Working data
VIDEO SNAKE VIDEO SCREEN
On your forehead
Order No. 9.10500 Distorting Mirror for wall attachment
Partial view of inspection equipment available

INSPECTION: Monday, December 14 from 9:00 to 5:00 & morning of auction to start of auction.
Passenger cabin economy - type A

--

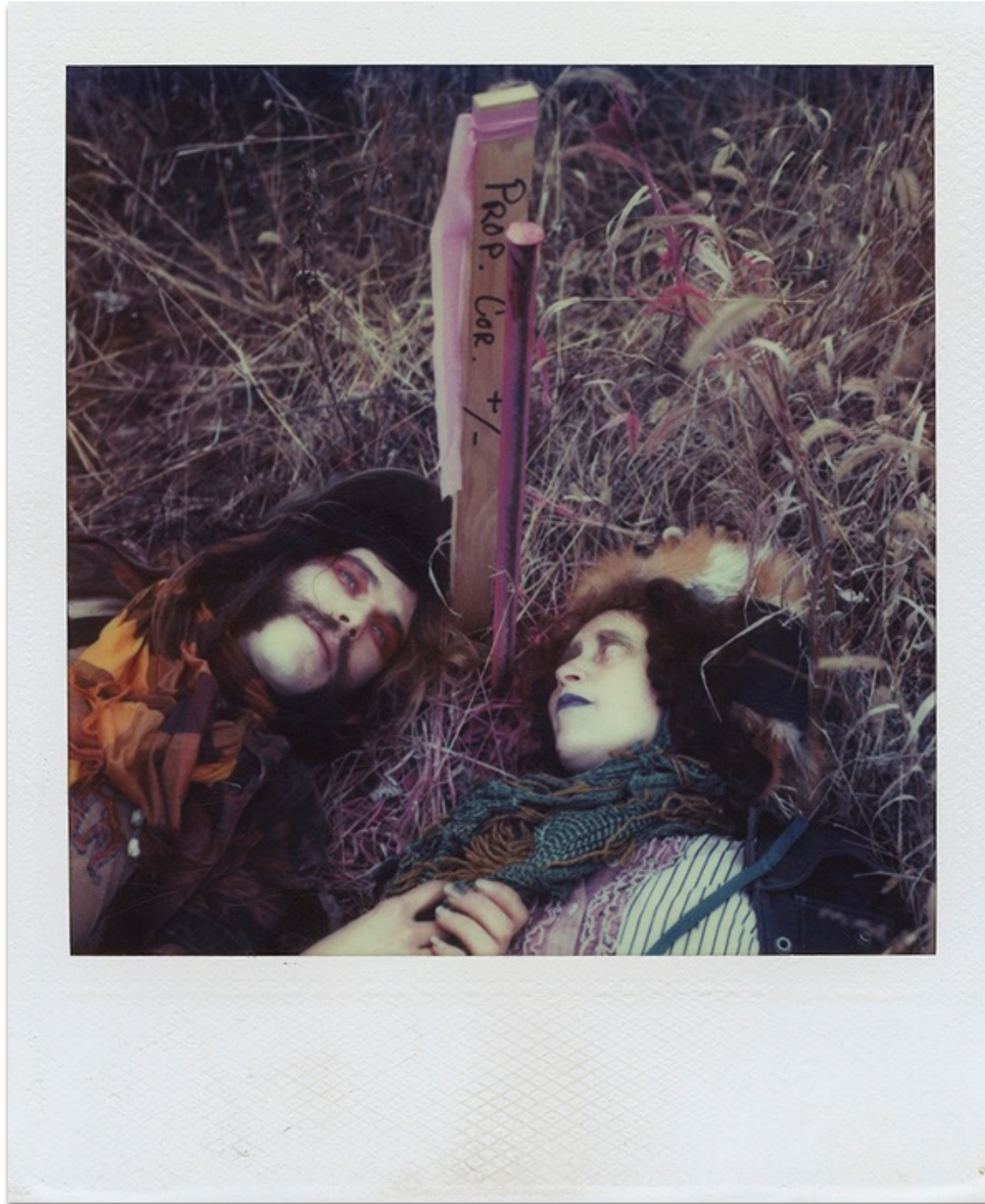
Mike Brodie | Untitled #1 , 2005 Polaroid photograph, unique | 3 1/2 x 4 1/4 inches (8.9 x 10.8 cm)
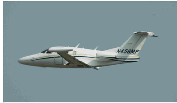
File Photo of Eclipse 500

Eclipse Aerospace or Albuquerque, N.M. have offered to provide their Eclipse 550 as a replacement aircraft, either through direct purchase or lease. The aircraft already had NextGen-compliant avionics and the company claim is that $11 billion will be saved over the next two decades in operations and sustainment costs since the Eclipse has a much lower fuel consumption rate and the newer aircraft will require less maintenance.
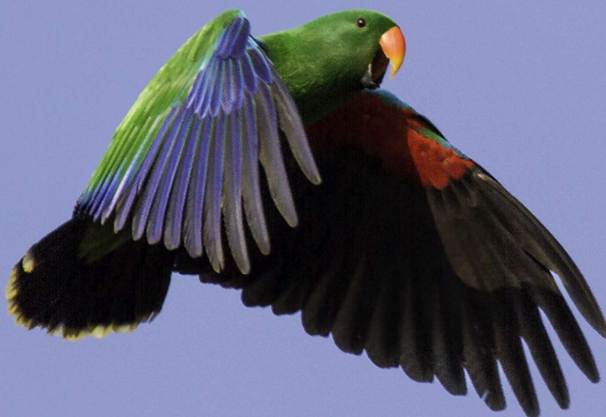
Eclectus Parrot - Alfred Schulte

Required work
Beginning with the line that has "Order No. 9.10500" and ending with the line that has "Passenger cabin economy - type A", set down the lines above exactly and include no others.

Answer section
Order No. 9.10500 Distorting Mirror for wall attachment
Partial view of inspection equipment available

INSPECTION: Monday, December 14 from 9:00 to 5:00 & morning of auction to start of auction.
Passenger cabin economy - type A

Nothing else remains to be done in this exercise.